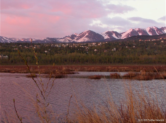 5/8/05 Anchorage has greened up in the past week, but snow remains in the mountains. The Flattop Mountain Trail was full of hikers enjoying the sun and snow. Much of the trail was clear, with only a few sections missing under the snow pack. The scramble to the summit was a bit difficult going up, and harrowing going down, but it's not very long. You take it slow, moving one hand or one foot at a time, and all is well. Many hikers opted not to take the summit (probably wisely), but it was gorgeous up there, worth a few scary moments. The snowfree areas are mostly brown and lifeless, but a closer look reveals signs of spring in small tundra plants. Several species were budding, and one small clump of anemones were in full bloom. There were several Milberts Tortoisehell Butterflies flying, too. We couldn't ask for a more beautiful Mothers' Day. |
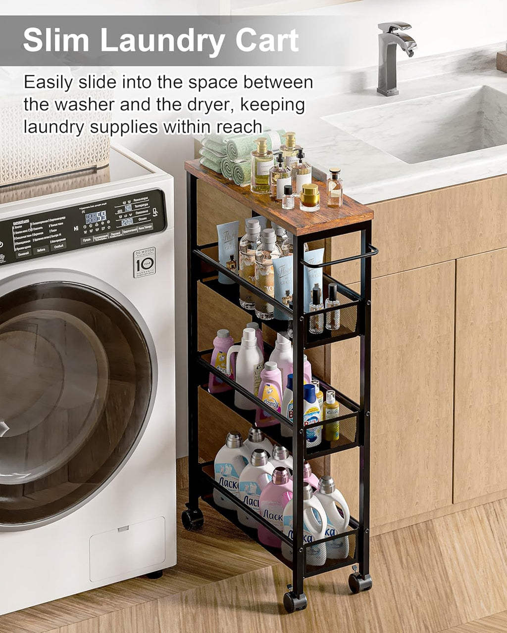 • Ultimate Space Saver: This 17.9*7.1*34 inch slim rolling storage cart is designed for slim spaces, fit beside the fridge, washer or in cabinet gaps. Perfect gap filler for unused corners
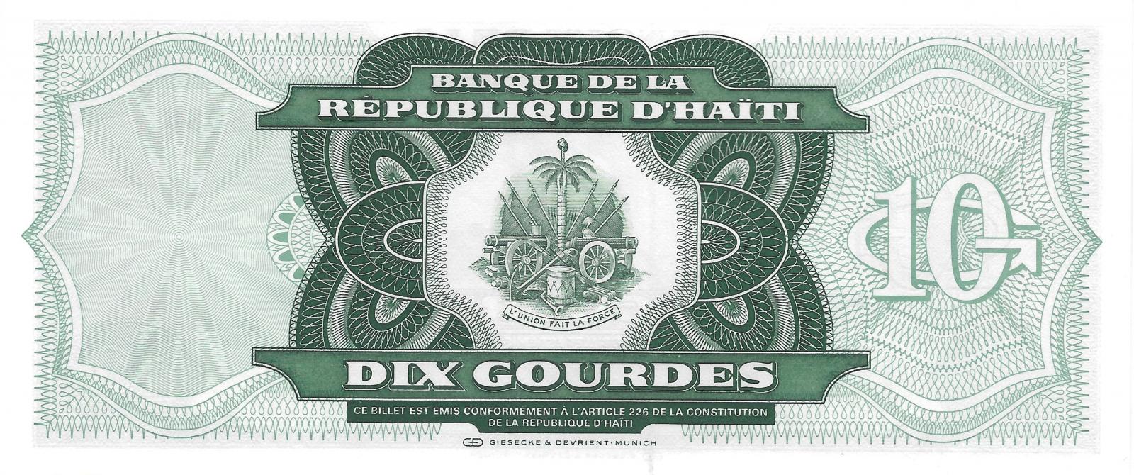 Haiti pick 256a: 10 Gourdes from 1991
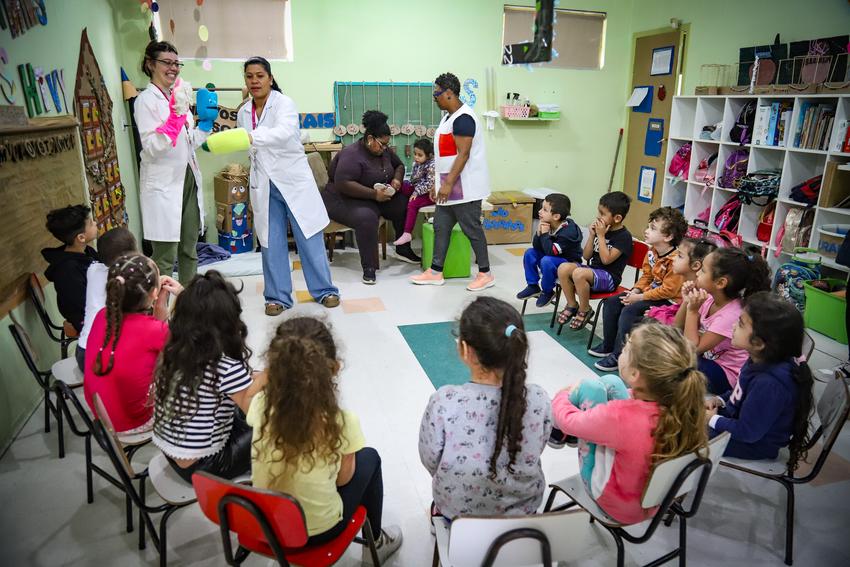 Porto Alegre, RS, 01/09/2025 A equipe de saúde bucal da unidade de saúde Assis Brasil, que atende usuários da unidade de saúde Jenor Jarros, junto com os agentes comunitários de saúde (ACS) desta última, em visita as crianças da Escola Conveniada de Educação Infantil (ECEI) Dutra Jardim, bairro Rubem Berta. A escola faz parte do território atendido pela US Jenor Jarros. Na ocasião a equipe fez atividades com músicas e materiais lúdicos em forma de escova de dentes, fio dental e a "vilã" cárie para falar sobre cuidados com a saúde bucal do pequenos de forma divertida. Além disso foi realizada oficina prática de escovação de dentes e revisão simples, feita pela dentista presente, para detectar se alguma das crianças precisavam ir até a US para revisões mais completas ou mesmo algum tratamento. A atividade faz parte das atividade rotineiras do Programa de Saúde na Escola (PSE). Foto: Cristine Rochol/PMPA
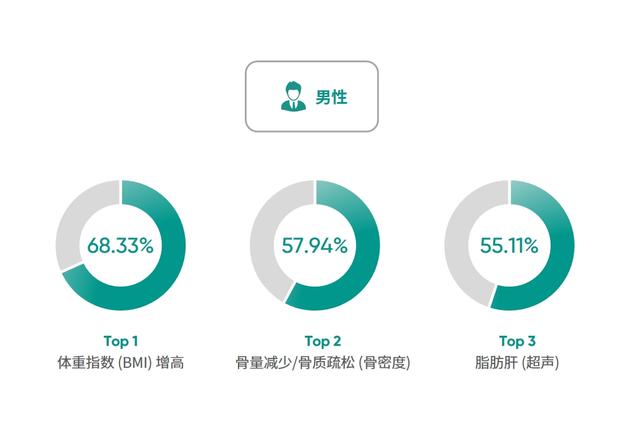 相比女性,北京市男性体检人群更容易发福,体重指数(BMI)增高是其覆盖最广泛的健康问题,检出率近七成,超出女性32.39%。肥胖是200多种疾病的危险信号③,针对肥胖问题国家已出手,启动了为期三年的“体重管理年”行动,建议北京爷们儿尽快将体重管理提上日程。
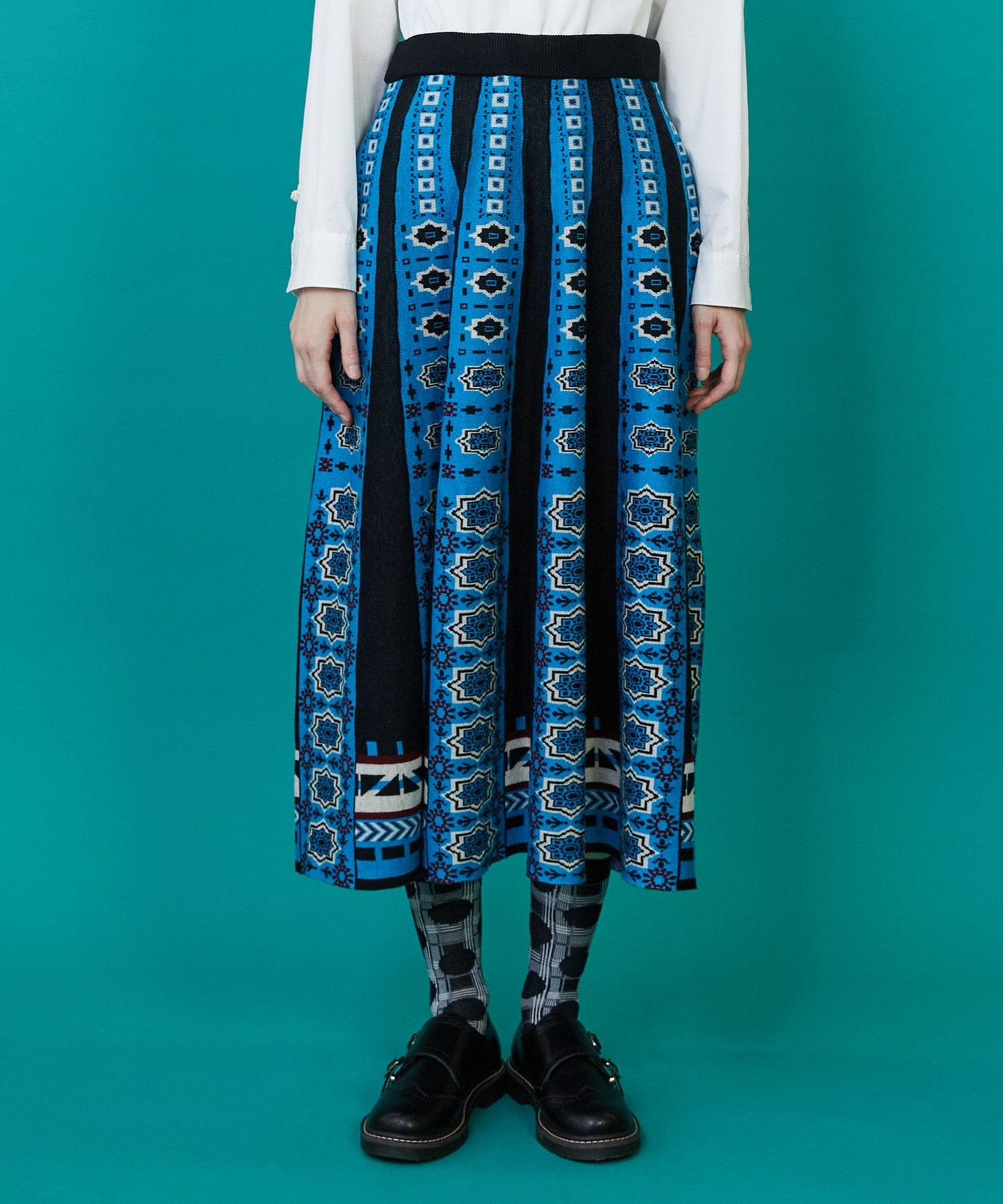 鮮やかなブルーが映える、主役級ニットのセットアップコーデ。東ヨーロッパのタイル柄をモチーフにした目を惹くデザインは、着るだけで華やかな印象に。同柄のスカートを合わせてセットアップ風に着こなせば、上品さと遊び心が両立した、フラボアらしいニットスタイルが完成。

→ TASK STATEMENT
Reproduce exactly and only the lines from the "相比女性,北京市男性体检人群" line to the last line of the records above. Do not carry over any pictures.

→ SOLUTION TO THIS PROBLEM
 相比女性,北京市男性体检人群更容易发福,体重指数(BMI)增高是其覆盖最广泛的健康问题,检出率近七成,超出女性32.39%。肥胖是200多种疾病的危险信号③,针对肥胖问题国家已出手,启动了为期三年的“体重管理年”行动,建议北京爷们儿尽快将体重管理提上日程。
 鮮やかなブルーが映える、主役級ニットのセットアップコーデ。東ヨーロッパのタイル柄をモチーフにした目を惹くデザインは、着るだけで華やかな印象に。同柄のスカートを合わせてセットアップ風に着こなせば、上品さと遊び心が両立した、フラボアらしいニットスタイルが完成。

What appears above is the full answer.